Le transfert d'images se fait sans frais pour Bruxelles, à condition de ne pas dépasser un certain nombre de photos nouvelles et archivées. A défaut, le Centre satellitaire a la possibilité de demander au système gouvernemental que le satellite Paz survole une zone de la Terre pour laquelle les autorités européennes ont un intérêt particulier.

Les visiteurs VIP, comme l'ambassadeur d'Autriche en Espagne, Christian Ebner, reçoivent des explications sur les tâches et le travail des analystes, mais seulement dans la mesure où cela est strictement nécessaire - PHOTO/EU SatCen

L'accord comporte une clause de sauvegarde. Le département du général de corps d'armée López del Pozo, qui dirige la DIGENPOL depuis juin 2021 et était auparavant commandant en chef du commandement des opérations de l'état-major de la défense, se réserve le droit d'"interrompre unilatéralement et à tout moment" le service qu'il fournit à l'UE lorsqu'il existe des raisons "concrètes et justifiées" de le faire.  

Le Centre satellitaire de l'UE est une agence de la politique étrangère et de sécurité commune (PESC) qui relève du haut représentant de l'Union pour les affaires étrangères et la politique de sécurité, l'Espagnol Josep Borrell. Il a notamment pour mission de soutenir le processus décisionnel et l'action de l'UE dans le domaine de la PESC, en particulier la politique de sécurité et de défense commune.

Le général López del Pozo s'entretient avec le directeur d'EU SatCen, l'ambassadeur Sorin Ducaru, accompagné du sous-directeur des plans et des relations internationales, le contre-amiral Juan Bautista Pérez Puig (à gauche) - PHOTO/EU SatCen

Les destinataires des rapports et analyses du Centre satellitaire européen sont les hautes autorités de Bruxelles, le Service européen pour l'action extérieure, les commandants militaires et les états-majors des opérations de gestion de crise et des missions de formation de l'UE dans le monde. Par conséquent, les conditions de sécurité régissant l'environnement de travail des analystes du Centre européen de satellites sont très strictes et les risques de fuite de renseignements sont très faibles, voire pratiquement inexistants. 

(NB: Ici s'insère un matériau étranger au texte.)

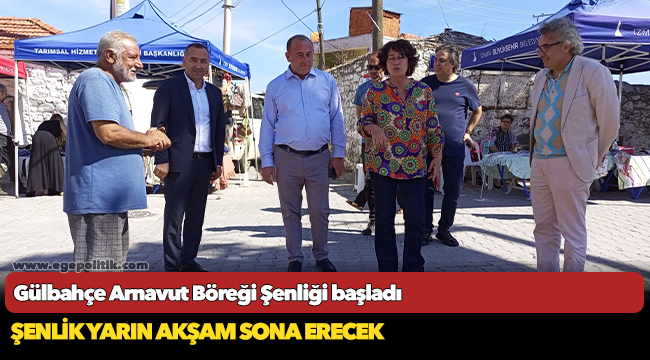Urla'nın geleneksel renkli etkinliklerinden Gülbahçe Arnavut Böreği Şenliği başladı. İzmir Köy Koop Birlik Başkanı ve İzmir Büyükşehir Belediye Başkanı Tunç Soyer'in eşi Neptün Soyer'in katılımıyla açılan şenlik yarın akşam sona erecek.

Les États membres de l'UE, les agences européennes telles que l'agence chargée de la gestion de la coopération aux frontières extérieures, mieux connue sous le nom de FRONTEX, ainsi que les institutions internationales telles que les Nations unies et l'Organisation pour la sécurité et la coopération en Europe, l'OSCE, en bénéficient également.